On the 29th of September, 2017 Honorable Felix C. Mutati, MP Minister of Finance presented the 2018 national budget to parliament. With the theme “Accelerating fiscal fitness for sustained inclusive growth, without leaving anyone behind.” He said the 2018 budget will be aligned to the five pillars of the Seventh National Development Plan. As an institution that speaks for the poor, we wish to reflect on the 2018 budget in the context of pillar number two of Poverty and vulnerability reduction.

In line with this pillar, Government has promised in 2018 to continue implementing policies, programmes and initiatives that are aimed at protecting and empowering vulnerable members in our communities. This is commendable as it is critical to the very important theme of the budget of not leaving any one behind. The economy has been growing in the last decade but with little to show for with regard to poverty and inequality reduction.

Despite this lofty ambition, the budgetary allocation to social protection, specifically allocation to public service fund had reduced from K1.6 million in 2017 to K1.1 million. There is need to ensure that retirees are taken care of and do not slide into poverty when they stop work. JCTR further notes with concern that the non-upwards adjustment of tax free threshold will harm employees whose salaries have remained stagnant coupled with high cost of living.
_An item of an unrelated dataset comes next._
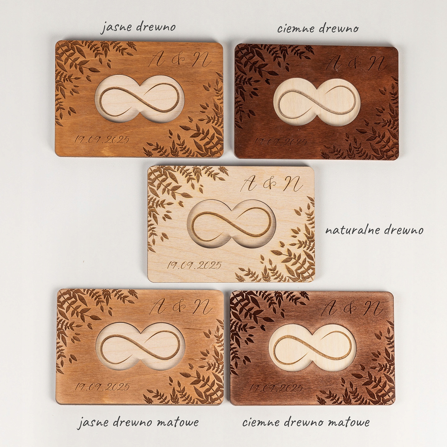 Існує гравірований мотив листів , що символізує розвиток та довговічність відносин, і символ нескінченності з космічним кільцям , які підкреслюють романтичний характер продукту. Ці невеликі деталі додають елегантність і роблять коробку не тільки практичною, але й естетичною. Фанера Brzozowa відрізняється легкістю та витривалою, завдяки чому коробка буде прекрасним сувенірам протягом багатьох років. наявність у декількох кольорах дозволяє відповідати коробці з стилем та темою вашого весілля.

The September 2017 JCTR Basic Needs Basket (BNB) for a family of five living in Lusaka stood at K4,883.57 which is K44.8 less than the August BNB which was at K4,928.37. The decrease in the BNB could be attributed to reduced costs in some food items which include; mealie meal reduced from K62.33 per 25 kg bag to K59.85 per 25kg bag, Kapenta reduced from K202.8 per kg to K184.78 per kg.

Fish reduced from K134.83 per kg to K132.56 per kg. Other commodities like Beans increased from K26.87 per Kg to K30.57 per kg, Tomatoes increased from K8 per kg to k9 per kg, tea increased from K83 per kg to K91.2 per kg. Mealie meal prices continue to decrease because of the good farming season we had and prices of kapenta have reduced because of its increased supply in the market.

Despite this moderate decrease in cost of living, JCTR wishes to remind Government that the cost of living remains high as most people’s incomes fall below the average BNB. Therefore more measures should be put in place for the budget theme to be realized.

JCTR however acknowledges increased allocation to social cash transfer from K552 million in 2017 to K721 million in 2018. We urge Government to be more targeting in identifying beneficiaries of the social cash transfer and other social protection measures if the intended benefits have to be realized. The Implementation of the electronic Single Registry of beneficiaries for all social protection programmes is thus a welcome move as it will ensure that only the deserving beneficiaries access social protection.